Deliberative Prompts
- What does “fairness” mean when the underlying scientific evidence base is itself biased? Should the AI aim for equal accuracy, equal outcomes, or something else?
- How should uncertainty be communicated when the system encounters a patient from an underrepresented demographic? Is flagging for human review sufficient, or does this create a two-tier system?
- Who bears responsibility when a patient from an underrepresented group experiences an adverse event—the AI developer, the prescribing clinician, or the healthcare system that failed to generate inclusive research?
- Should patients be informed that AI recommendations may be less reliable for their demographic group?
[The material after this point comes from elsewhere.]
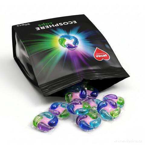 Koncentrované univerzální kapsle na praní ECOSPHERE caps pro bílé i barevné prádlo. Účinné od 30 do 95 °C, s enzymy, bez optických zjasňovačů a bez plniv. Biologicky odbouratelné složení, intenzivní ovocná vůně a komfort moderního praní.

How might this affect trust and treatment adherence?
- Can retrospective bias mitigation techniques genuinely address decades of exclusionary research practices, or do they risk creating false confidence?
Suggested Strategies
When developing your assurance case, consider these potential approaches:
Strategy 1: Transparent Data Provenance
Document the demographic composition of training data and explicitly communicate which patient populations are well-represented versus underrepresented, enabling clinicians to calibrate their trust in recommendations appropriately.
Strategy 2: Stratified Performance Validation
Validate model performance separately for each demographic subgroup, establishing minimum acceptable performance thresholds and halting deployment for populations where these thresholds are not met.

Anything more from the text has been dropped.